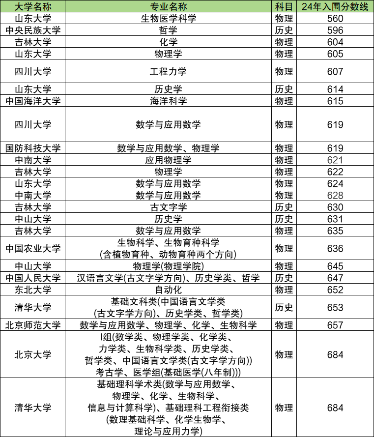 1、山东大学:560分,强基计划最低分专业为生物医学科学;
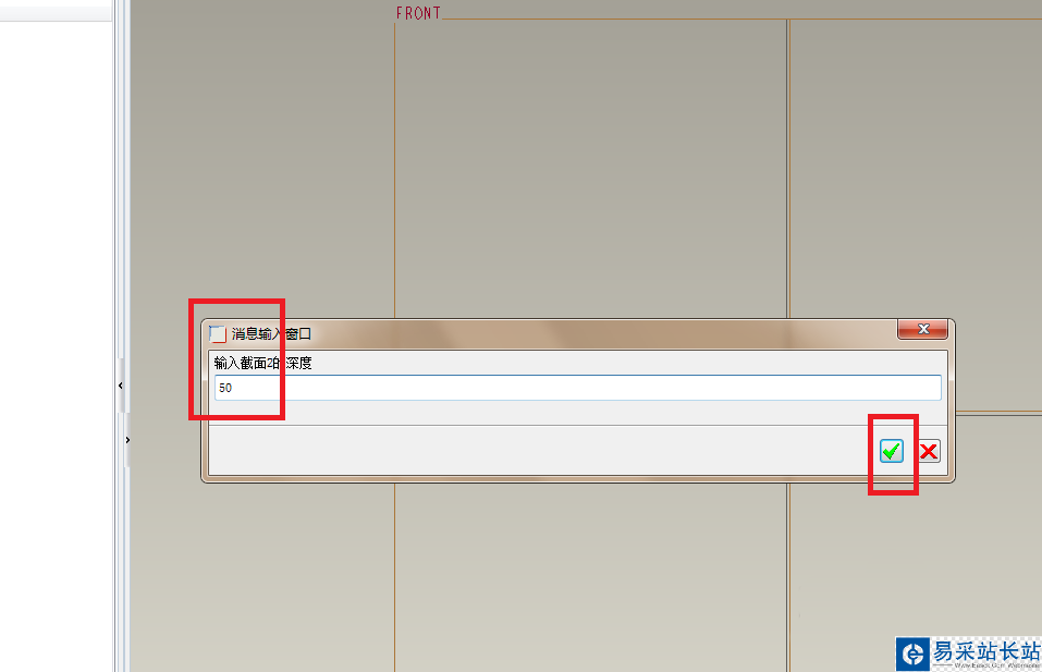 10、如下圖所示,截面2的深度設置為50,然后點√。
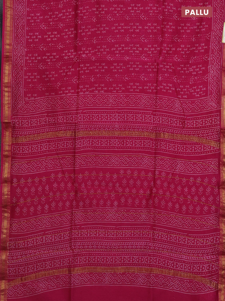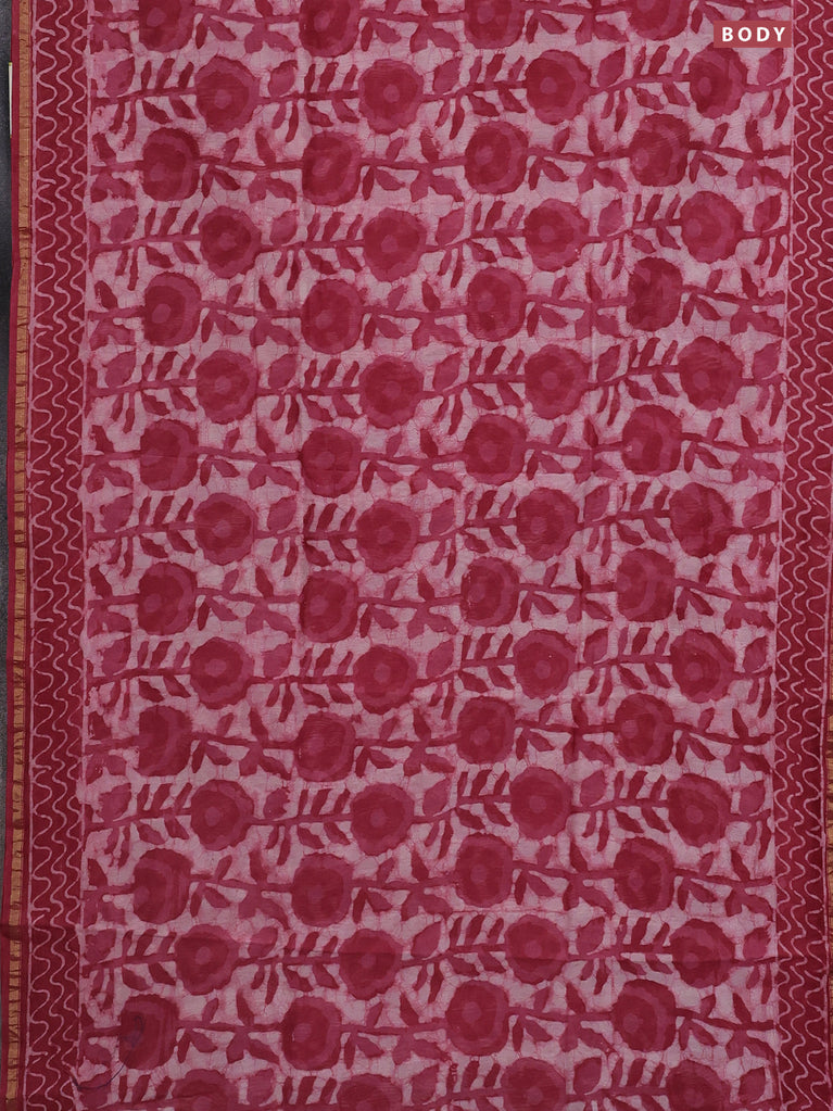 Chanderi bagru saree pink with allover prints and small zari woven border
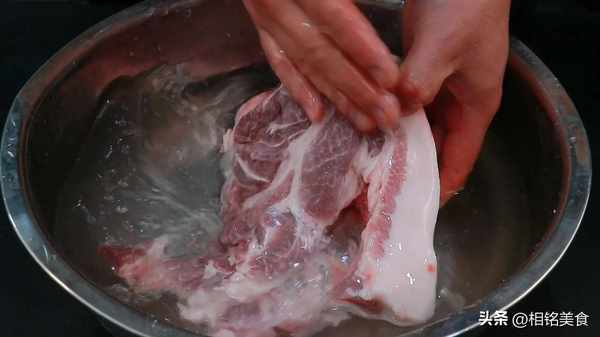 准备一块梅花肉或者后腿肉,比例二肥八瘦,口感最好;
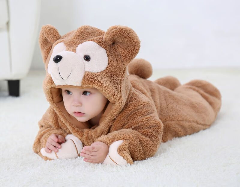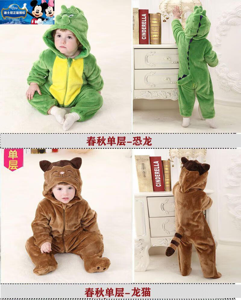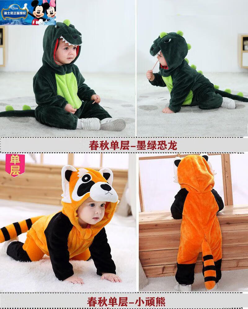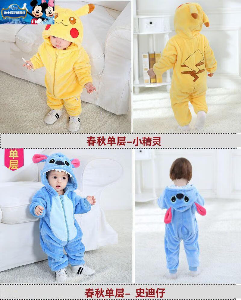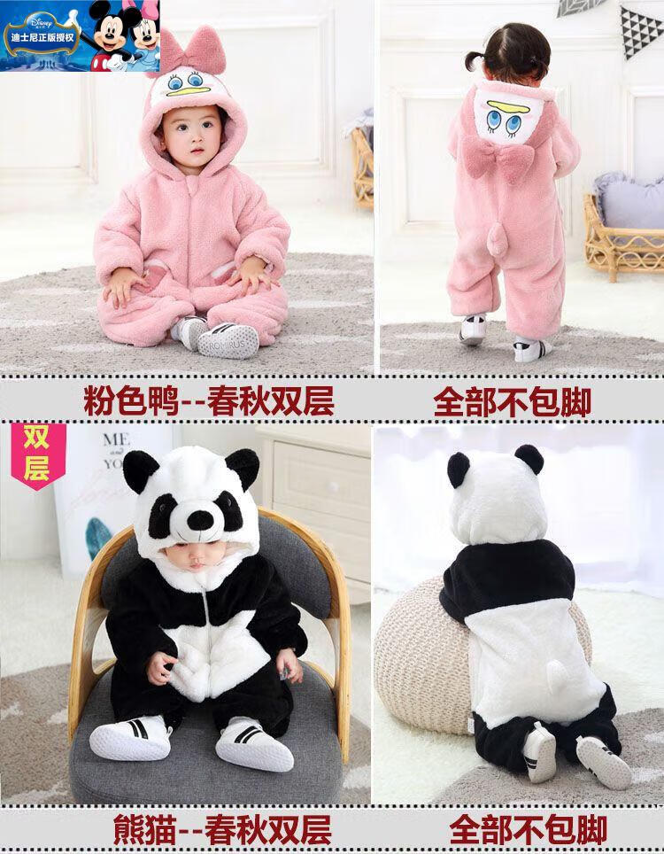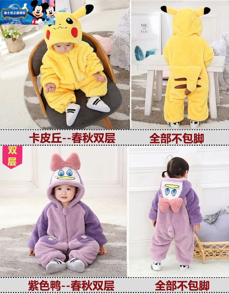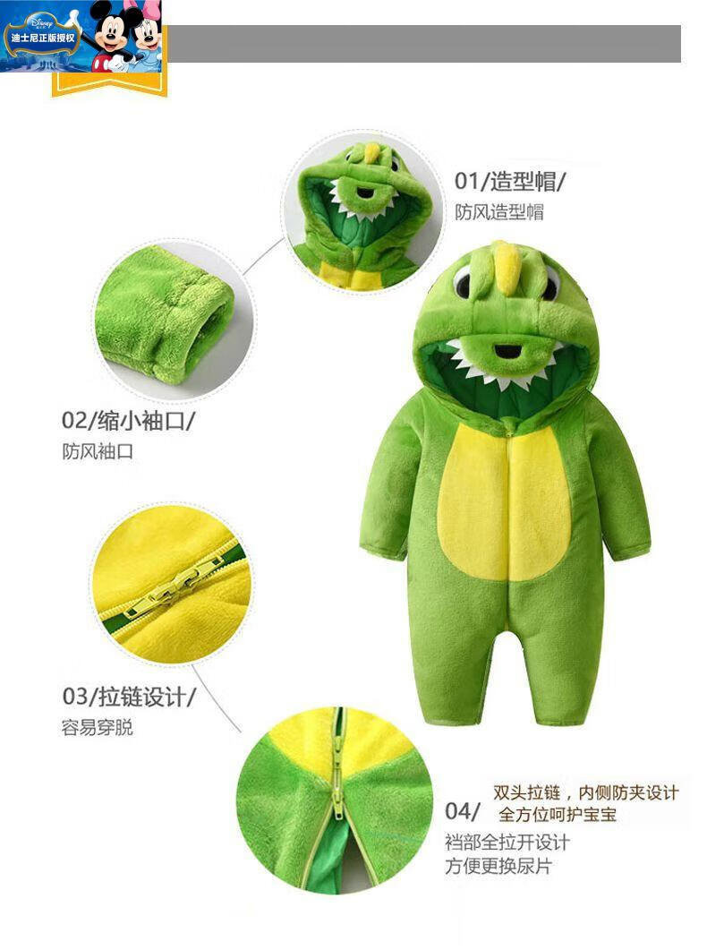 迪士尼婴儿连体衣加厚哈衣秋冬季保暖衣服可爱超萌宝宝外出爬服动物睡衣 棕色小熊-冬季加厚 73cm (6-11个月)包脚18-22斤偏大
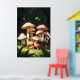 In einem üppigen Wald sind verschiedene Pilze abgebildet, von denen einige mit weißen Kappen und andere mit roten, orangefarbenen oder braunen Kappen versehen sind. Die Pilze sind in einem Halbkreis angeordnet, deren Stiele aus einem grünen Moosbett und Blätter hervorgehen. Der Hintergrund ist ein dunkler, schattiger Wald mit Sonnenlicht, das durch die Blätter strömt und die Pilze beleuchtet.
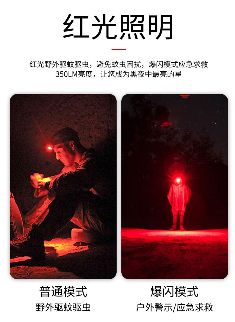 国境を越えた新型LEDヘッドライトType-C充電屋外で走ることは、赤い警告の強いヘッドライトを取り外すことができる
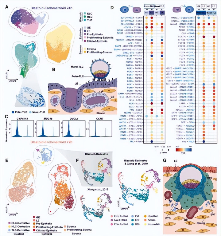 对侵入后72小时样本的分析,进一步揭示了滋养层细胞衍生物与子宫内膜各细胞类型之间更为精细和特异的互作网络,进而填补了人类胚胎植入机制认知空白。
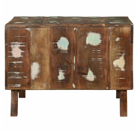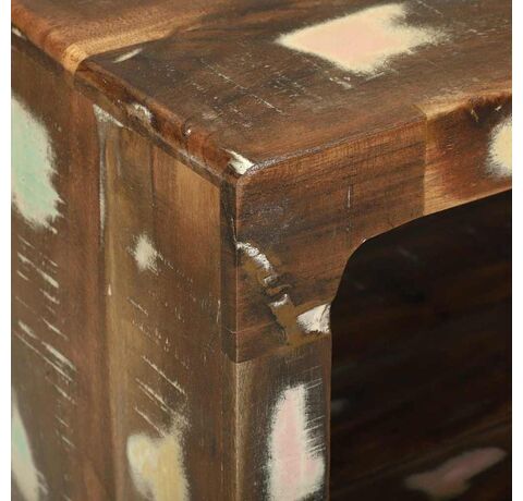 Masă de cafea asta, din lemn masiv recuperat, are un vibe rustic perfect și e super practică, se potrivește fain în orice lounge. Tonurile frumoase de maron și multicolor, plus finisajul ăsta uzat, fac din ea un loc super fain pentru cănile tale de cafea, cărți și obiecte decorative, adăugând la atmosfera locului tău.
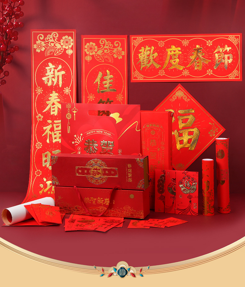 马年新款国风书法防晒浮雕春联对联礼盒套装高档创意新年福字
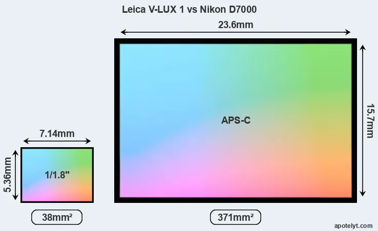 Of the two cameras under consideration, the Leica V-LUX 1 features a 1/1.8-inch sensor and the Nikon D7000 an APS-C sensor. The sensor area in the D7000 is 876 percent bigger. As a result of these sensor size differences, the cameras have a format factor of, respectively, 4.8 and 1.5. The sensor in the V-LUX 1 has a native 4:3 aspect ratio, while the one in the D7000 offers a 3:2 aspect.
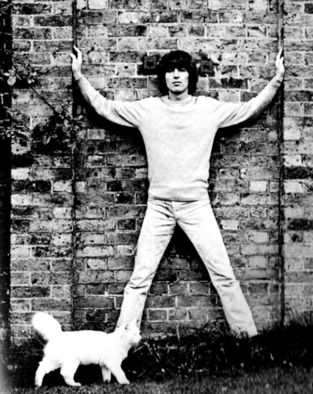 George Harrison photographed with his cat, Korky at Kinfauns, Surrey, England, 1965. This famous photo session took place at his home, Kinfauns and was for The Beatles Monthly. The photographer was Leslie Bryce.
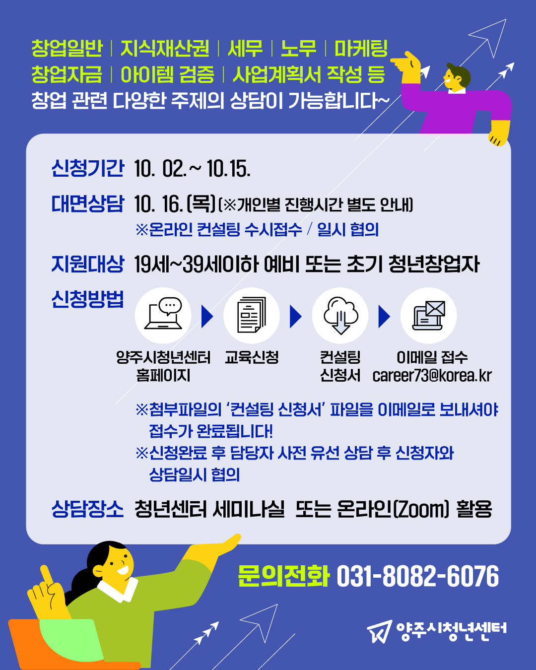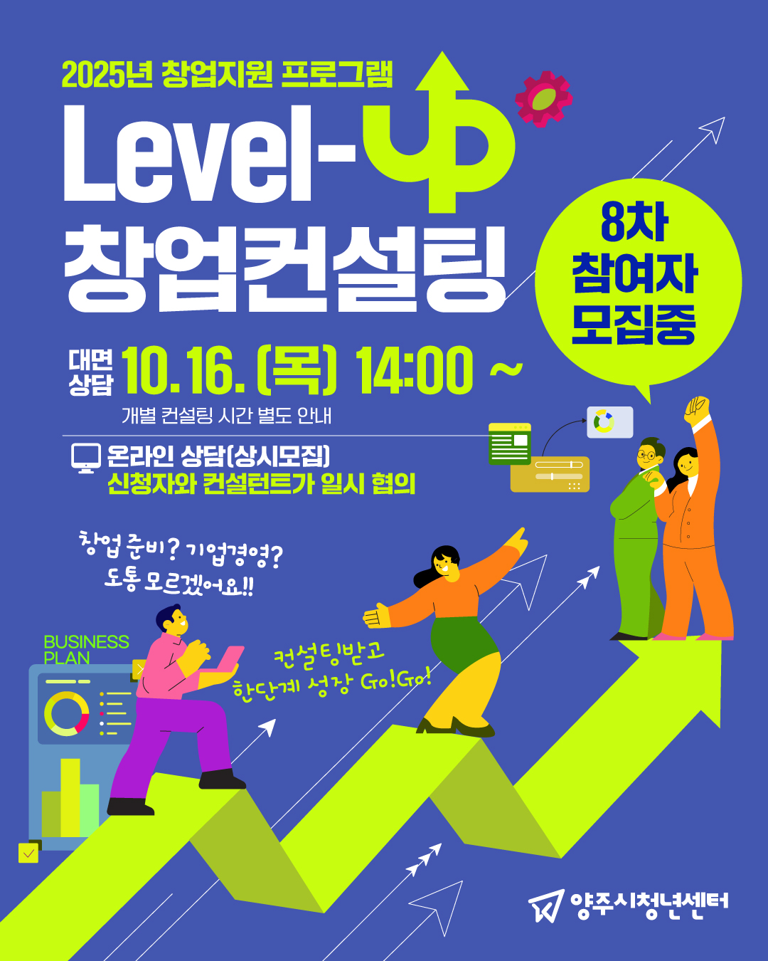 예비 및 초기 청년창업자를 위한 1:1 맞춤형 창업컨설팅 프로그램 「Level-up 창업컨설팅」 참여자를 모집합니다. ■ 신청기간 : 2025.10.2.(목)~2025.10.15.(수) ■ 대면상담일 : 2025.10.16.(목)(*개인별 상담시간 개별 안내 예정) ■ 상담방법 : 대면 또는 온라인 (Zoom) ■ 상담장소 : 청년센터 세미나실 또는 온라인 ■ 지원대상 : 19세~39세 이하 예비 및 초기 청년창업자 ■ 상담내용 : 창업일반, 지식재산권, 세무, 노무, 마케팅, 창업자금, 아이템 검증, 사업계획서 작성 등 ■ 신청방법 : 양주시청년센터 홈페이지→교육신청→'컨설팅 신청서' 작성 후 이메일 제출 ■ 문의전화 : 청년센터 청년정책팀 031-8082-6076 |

*-*-*

Set down exactly the lines from the start of the records through the line containing "迪士尼婴儿连体衣加厚哈衣秋冬季保暖衣服可爱超萌宝宝外出爬服动物睡衣 棕色小熊-冬季加厚 73cm", both included, and omit the pictures.

• RESPONSE TO THIS TASK:
 1、山东大学:560分,强基计划最低分专业为生物医学科学;
 10、如下圖所示,截面2的深度設置為50,然后點√。
 Chanderi bagru saree pink with allover prints and small zari woven border
 准备一块梅花肉或者后腿肉,比例二肥八瘦,口感最好;
 迪士尼婴儿连体衣加厚哈衣秋冬季保暖衣服可爱超萌宝宝外出爬服动物睡衣 棕色小熊-冬季加厚 73cm (6-11个月)包脚18-22斤偏大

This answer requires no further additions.